The proposed B.S. in cybersecurity consists of 120 credit-hours, and the B.B.A. degree is 123 credit hours. Students will learn how to protect critical information infrastructures by developing, implementing, and maintaining appropriate cybersecurity policies and practices to help prevent, detect, and eliminate security threats. Graduates will have the opportunity to join the local, state, national, and international cybersecurity workforce as well-qualified professionals.
“The field of cybersecurity touches every aspect of our lives. These degree programs will prepare students to take on leading roles in financial technology, banking, insurance, health care and other industries that deal with data. Graduates from this program will have a significant impact on how we conduct business on a daily basis,” said Dr. Deborah Bordelon, Provost and Executive Vice President.

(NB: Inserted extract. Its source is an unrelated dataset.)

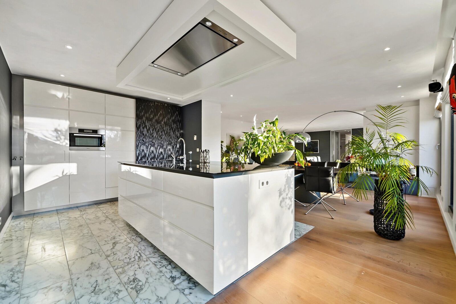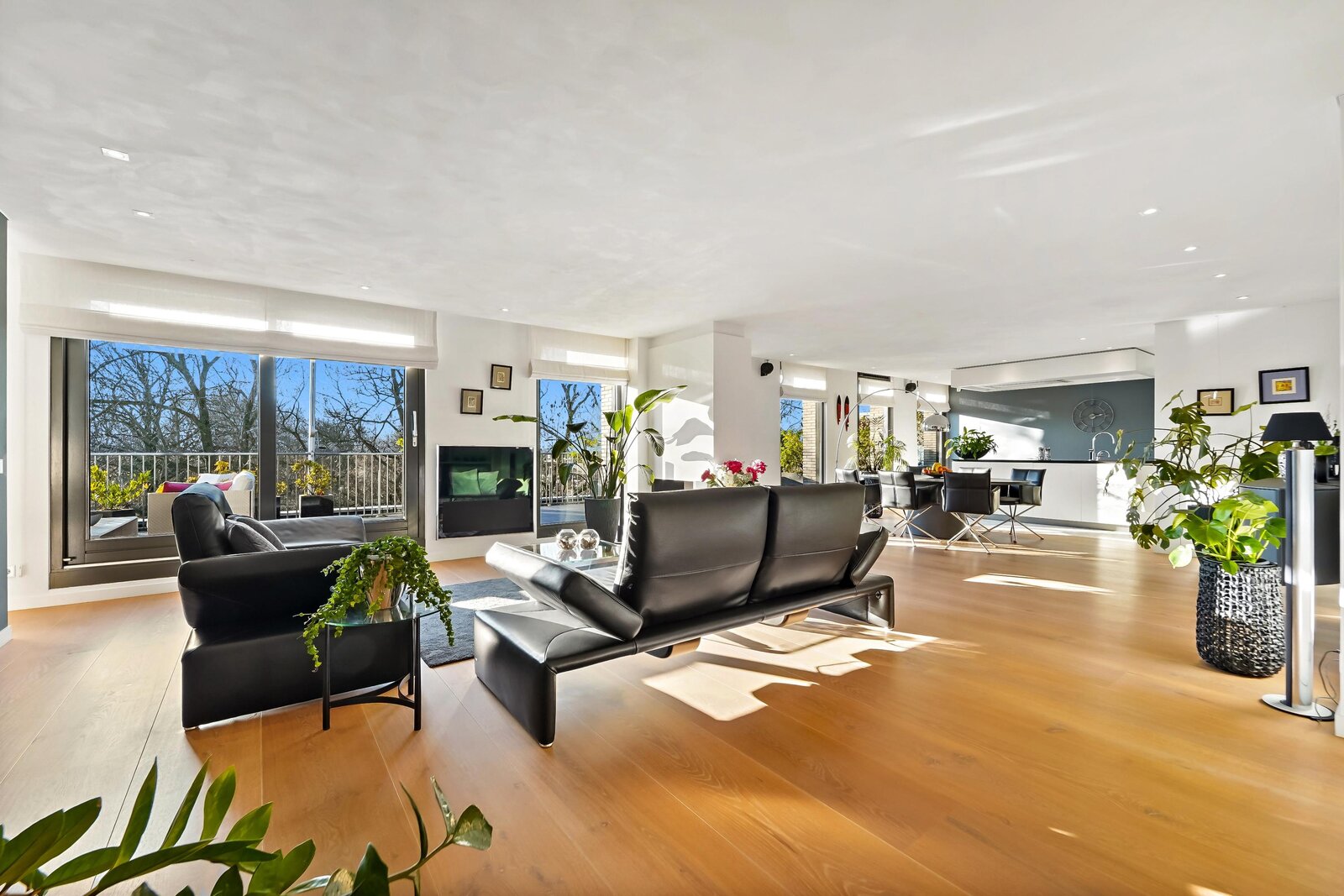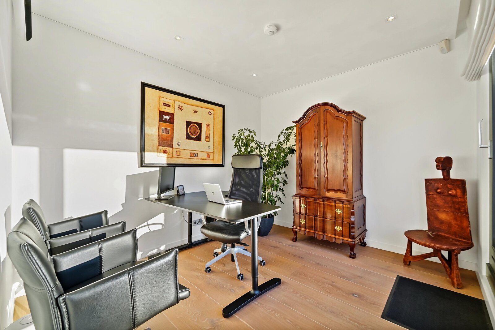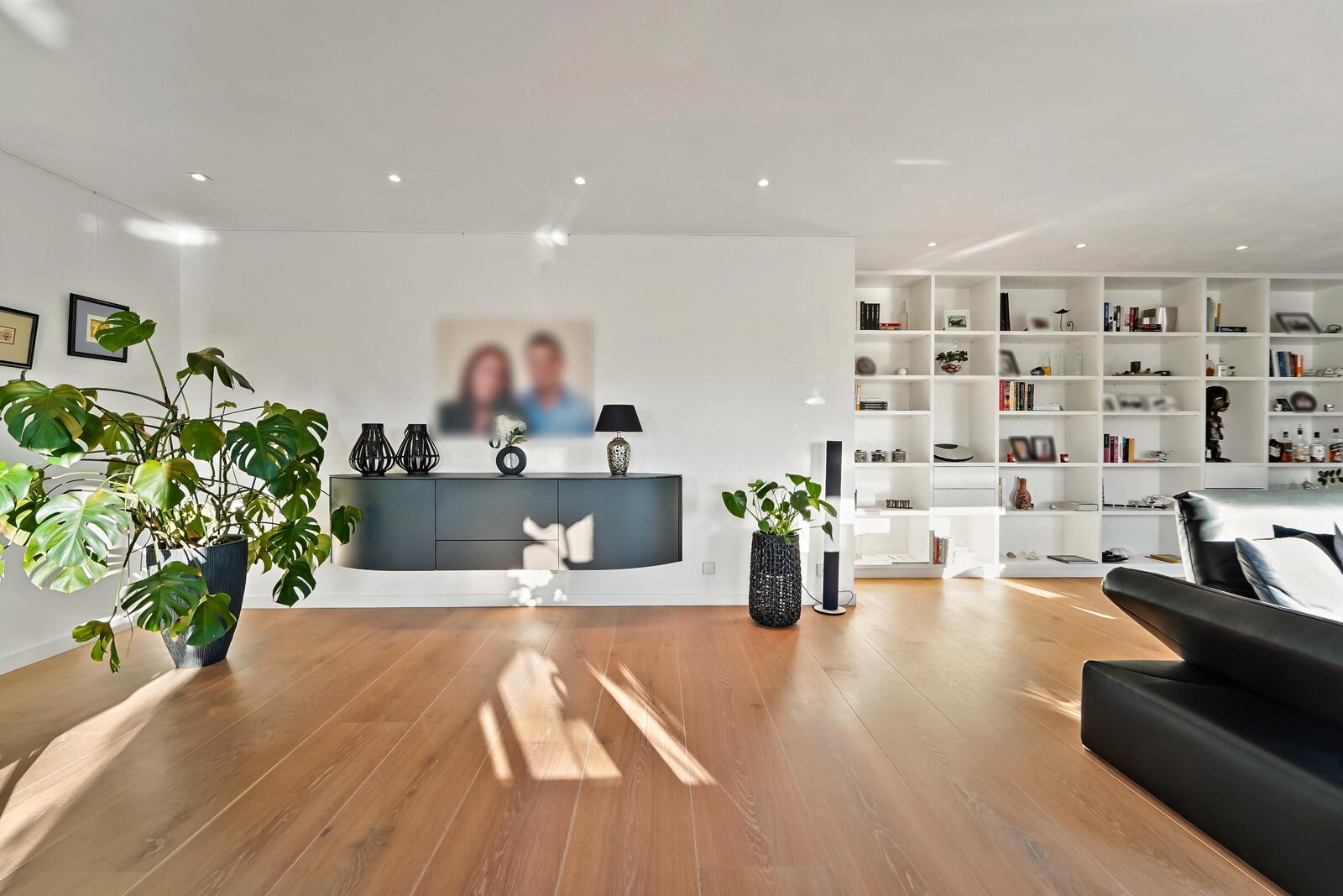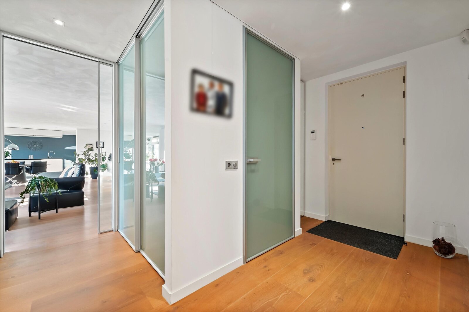 Via de stijlvolle entree met garderobe en toilet met fontein betreedt u dit exclusieve appartement. Een elegante doorloop met glazen schuifdeur leidt naar de heerlijk lichte living, voorzien van massief eiken brede vloerdelen en royale schuifpuien naar het riante terras. De zit- en eetruimte worden op natuurlijke wijze van elkaar gescheiden door de indrukwekkende, tweezijdige Boley gas-openhaard, een echte eyecatcher. De luxe keuken is een droom voor elke kookliefhebber, met een royaal kook- en spoeleiland en een volledig geïntegreerde apparatenwand, die dankzij een schuifwand desgewenst subtiel aan het zicht kan worden onttrokken. Aangrenzend bevindt zich de study, deels open verbonden met de living en eveneens direct gelegen aan het terras, de ideale plek om in alle rust te werken of te lezen. Via de gang bereikt u de privé-vertrekken. De hoofdslaapkamer is een oase van rust en luxe, met twee royale inloopkasten en een ensuite badkamer die voelt als een privéspa. Deze uitzonderlijk afgewerkte ruimte biedt een vrijstaand bad, vrijhangend toilet, royale stort- en handdouche met glazen scherm, een elegant wastafelmeubel, handdoekradiator en een raam voor daglichttoetreding vanaf het terras. De comfortabele tweede slaap-/logeerkamer beschikt over een praktische kastenwand, een stijlvolle gastenbadkamer met glazen douchewand, modern wastafelmeubel en handdoekradiator. Tevens een ruime berging met aansluitingen voor was- en droogapparatuur.

Dr. Linda Hadley, Dean of the Turner College of Business added that “the demand for effective measures to combat the diverse threats we face from fraud has rapidly increased, and so has the demand for skilled professionals to implement them. These new degree programs were created in direct response to regional employers’ unmet demand for cybersecurity professionals to protect their information and infrastructure.”
Columbus State University is a leader in Cybersecurity education, with a program that was developed within the TSYS School of Computing to meet the needs of the fastest growing area of job growth in America.
CyberSeek, a program of the U.S. National Institute of Standards and Technology, projects that there are more than 314,000 unfilled cybersecurity jobs in the U.S. with 11,377 of those located in the State of Georgia. During a recent visit to CSU, Georgia State Senator John Albers, an Alumnus of Harvard’s Cybersecurity Program, puts the number of unfilled cybersecurity positions in the state much higher at approximately 24,000.
According to the U.S. Bureau of Labor Statistics, cybersecurity employment growth is projected at 28% annually through 2026 – a growth rate that is much faster than average for all other occupations. U.S. News and World Report ranked a career in information security analyst fourth on its list of the ten best technology jobs and 40th out of the 100 best jobs in general for 2019.